**SUPPLIED INFORMATION:**
+ + + + + + +

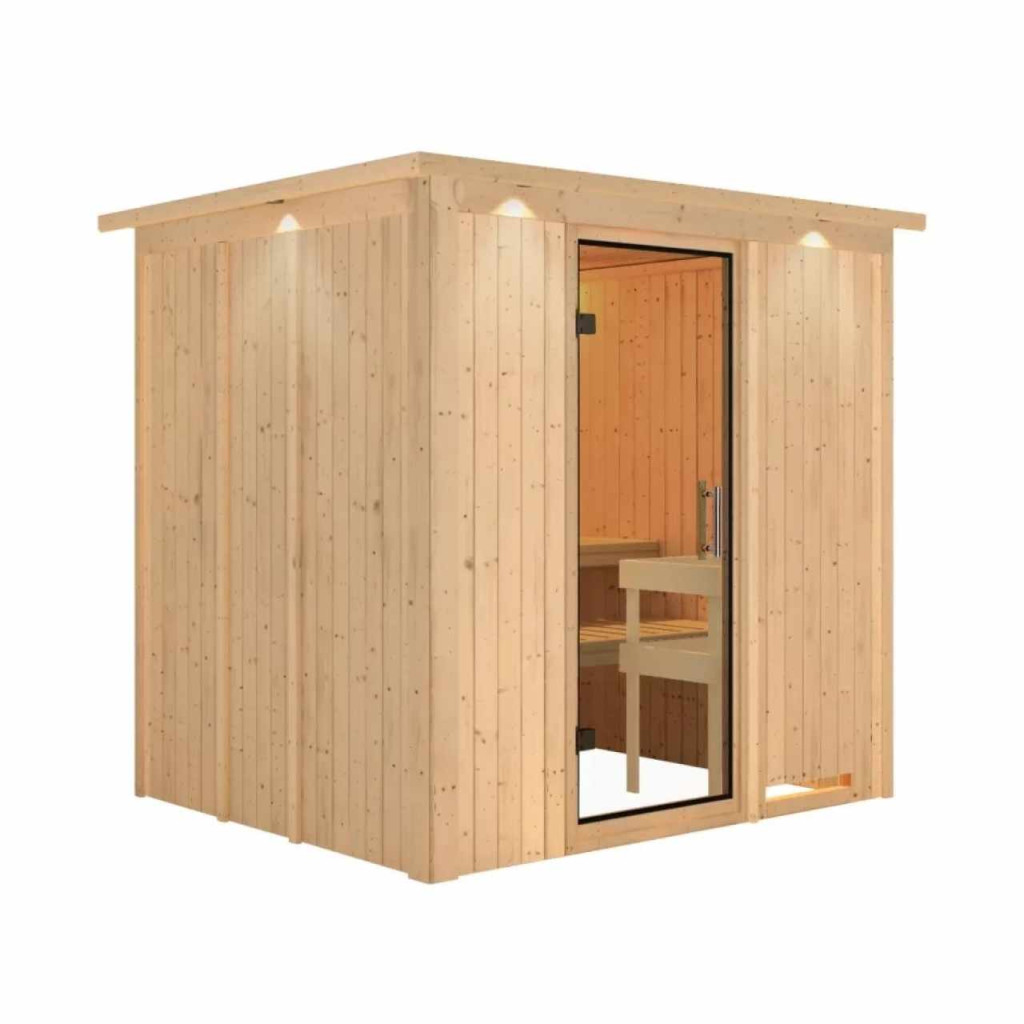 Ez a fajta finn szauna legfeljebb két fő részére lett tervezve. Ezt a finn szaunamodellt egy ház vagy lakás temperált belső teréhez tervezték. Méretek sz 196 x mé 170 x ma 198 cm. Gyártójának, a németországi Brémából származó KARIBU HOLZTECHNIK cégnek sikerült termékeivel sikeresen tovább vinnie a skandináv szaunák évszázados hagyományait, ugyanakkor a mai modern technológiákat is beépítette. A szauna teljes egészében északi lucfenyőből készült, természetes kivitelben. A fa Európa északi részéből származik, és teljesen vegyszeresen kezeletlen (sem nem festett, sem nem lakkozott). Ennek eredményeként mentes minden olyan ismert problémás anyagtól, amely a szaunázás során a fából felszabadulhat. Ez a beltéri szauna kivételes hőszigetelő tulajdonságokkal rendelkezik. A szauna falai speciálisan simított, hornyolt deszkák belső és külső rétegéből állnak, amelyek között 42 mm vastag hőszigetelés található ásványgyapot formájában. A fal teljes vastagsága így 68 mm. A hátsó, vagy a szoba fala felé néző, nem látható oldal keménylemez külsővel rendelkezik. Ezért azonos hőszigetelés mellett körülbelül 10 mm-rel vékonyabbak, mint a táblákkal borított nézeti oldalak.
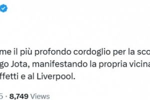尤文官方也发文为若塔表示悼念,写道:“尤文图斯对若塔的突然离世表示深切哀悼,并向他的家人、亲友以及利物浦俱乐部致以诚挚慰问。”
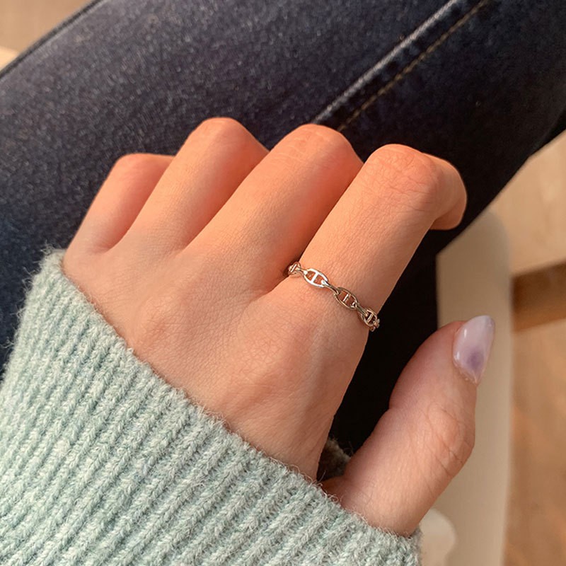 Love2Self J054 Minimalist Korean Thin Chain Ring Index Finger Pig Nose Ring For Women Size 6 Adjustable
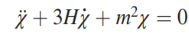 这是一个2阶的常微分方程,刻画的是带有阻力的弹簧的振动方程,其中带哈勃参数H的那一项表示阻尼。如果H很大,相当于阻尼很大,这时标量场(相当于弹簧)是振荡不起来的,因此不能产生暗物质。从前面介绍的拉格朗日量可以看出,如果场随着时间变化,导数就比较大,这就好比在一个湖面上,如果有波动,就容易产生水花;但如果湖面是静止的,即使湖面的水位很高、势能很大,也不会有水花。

+ + + + + + +

**REQUIRED ACTION:**
Find the line containing "尤文官方也发文为若塔表示悼念" in the listing above. Please restate word for word that line through the last one, leaving out the pictures.

**ANSWER AREA:**
尤文官方也发文为若塔表示悼念,写道:“尤文图斯对若塔的突然离世表示深切哀悼,并向他的家人、亲友以及利物浦俱乐部致以诚挚慰问。”
 Love2Self J054 Minimalist Korean Thin Chain Ring Index Finger Pig Nose Ring For Women Size 6 Adjustable
 这是一个2阶的常微分方程,刻画的是带有阻力的弹簧的振动方程,其中带哈勃参数H的那一项表示阻尼。如果H很大,相当于阻尼很大,这时标量场(相当于弹簧)是振荡不起来的,因此不能产生暗物质。从前面介绍的拉格朗日量可以看出,如果场随着时间变化,导数就比较大,这就好比在一个湖面上,如果有波动,就容易产生水花;但如果湖面是静止的,即使湖面的水位很高、势能很大,也不会有水花。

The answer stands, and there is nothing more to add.